The analysis was conducted in two primary stages. The first stage includes analyses with overall diversity measures, whereas the next stage includes identifying a group of microbes, or microbial cliques, associated with the 5-year metastasis-free survival (MFS) outcome. The alpha and beta diversity metrics to be analyzed were selected before the study. Alpha diversity was quantified with Shannon’s index, Simpson’s index, and Chao1. Beta diversity was quantified with unweighted UniFrac distance, Bray-Curtis dissimilarity, and principal component analyses of both metrics. For RNAseq-derived taxonomic abundances (ORIEN), a random taxonomy-based tree was used where required; for 16S rDNA data (UIHC), a tree was constructed from the alignment of sequence clusters. Statistical testing for alpha diversity differences by site and MFS was 2-way ANOVA. Beta diversity differences were identified by the adonis2 test in R for the ORIEN dataset and the PERMANOVA test in QIIME2 for the UIHC dataset. Differential taxon abundance testing by linear discriminant analysis (LDA) was performed with LefSe using a cutoff LDA score of >2.028. For paired primary tumor and metastasis biospecimens from the same subject, paired Wilcoxon tests were applied to alpha diversity metrics, and UniFrac distances were compared using Kruskal-Wallis tests. Gene function and bacterial trait analysis of the ORIEN dataset was performed by mapping ~1300 detected bacteria and their relative abundances to the Protraits database30. Statistical testing for trait enrichment was Mann-Whitney tests, corrected for multiple comparisons with a false discovery rate of 0.01. Gene function and pathway enrichment analysis of the UIHC 16S rDNA data was sequence-based using PICRUSt270 and LDA. Clinicopathologic data comparisons were Chi-square or Fisher’s exact tests for categorical data and Kruskal-Wallis or Student’s t-test for numerical data. Analysis outputs were visualized using R, QIIME 2 View (view.qiime2.org), and GraphPad Prism 9 (La Jolla, CA, USA).

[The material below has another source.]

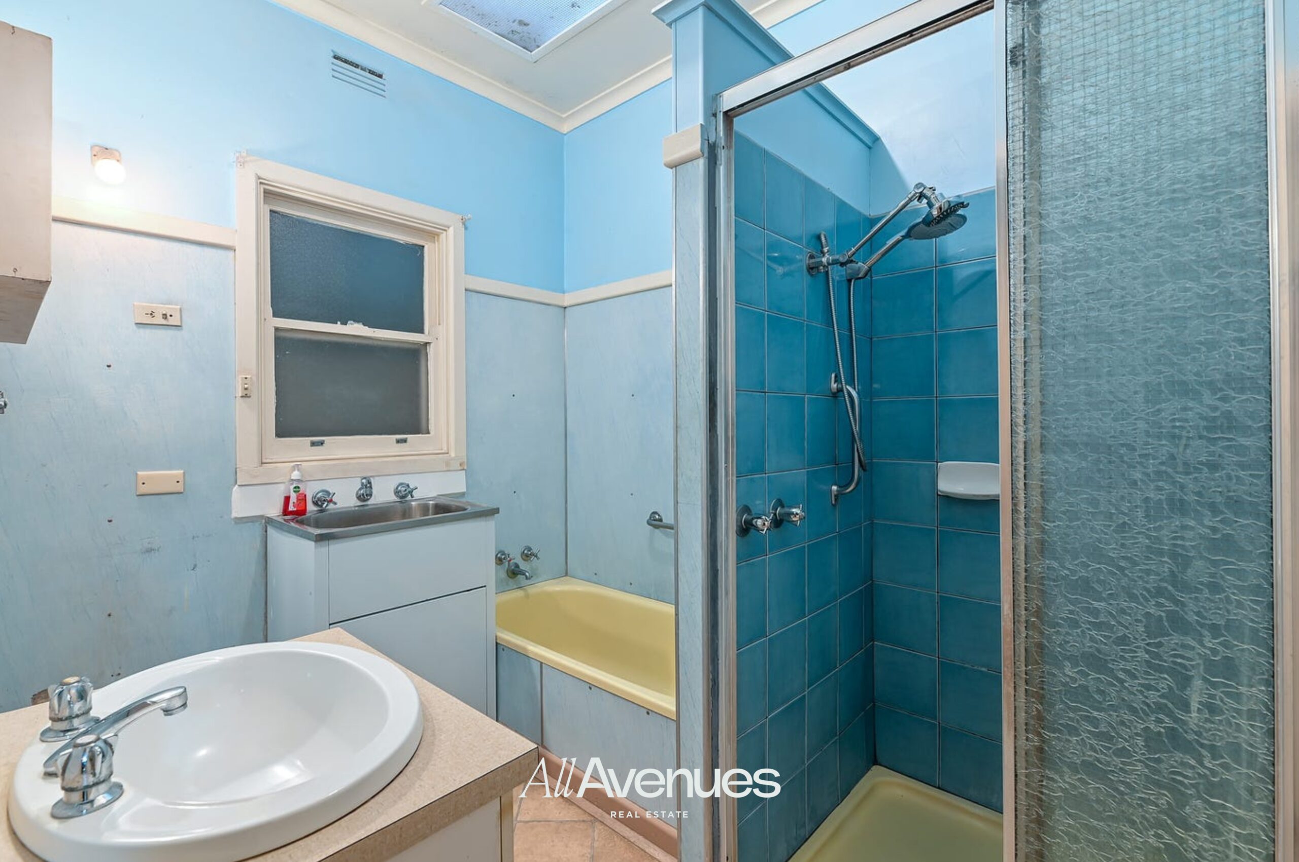 Four well-proportioned bedrooms are thoughtfully positioned throughout the home, offering privacy and flexibility. Two spacious covered alfresco and pergola areas provide shade and additional outdoor living options. The central bathroom continues the nostalgic theme with blue accents and natural light from an overhead skylight.

To discover a microbial clique associated with the outcome with a combination of an interpretable machine learning tool in a regression-based framework called the microbial co-occurrence analysis (MiCA)71,72. Identifying a microbial clique consisting of multiple microbes is challenging because of the inherently large and computationally expensive combinatorial search space. MiCA utilizes a tree-based interpretable machine-learning tool to discover the most prevalent combination of microbes based on their relative abundance. Then, using a quantile-based threshold-finding algorithm creates a predictive rule associated with the outcome. Based on the relative abundances of the most frequently co-occurring microbes, this predictive rule intuitively creates a mathematical equivalence of a microbial clique. Lastly, we use a covariate-adjusted regression to estimate the effect of this microbial clique. Since machine-learning tools naturally tend to overfit, we trained the tree-based algorithm in MiCA using 65% of the data (n = 769). Then the remaining 35% of the data (n = 416) was used to validate the identified microbial clique. This two-stage procedure ensured the robustness of the identified microbial clique. The regression part of the MiCA algorithm incorporates multiple covariates, including age at diagnosis, reported sex, race, neoadjuvant therapy (yes/no), clinical stage group at biospecimen collection, and pathologic stage group. The dominant clique identified includes Escherichia coli, Bacteroides fragilis, and a Pseudomonas sp. ASV. The Kraken database and algorithm (the highest stringency parameter for taxon assignment was used) assigned this ASV as Pseudomonas yamanorum, which is neither a common gut commensal nor a common environmental contaminant. BLAST of several sequences from the taxonomic unit showed 100% identity to P. yamanorum genomes and >90% identity to at least five other Pseudomonas spp. Since we believe this could be an over-call of the species-level classification by Kraken, we refer to it as a Pseudomonas sp. in the results.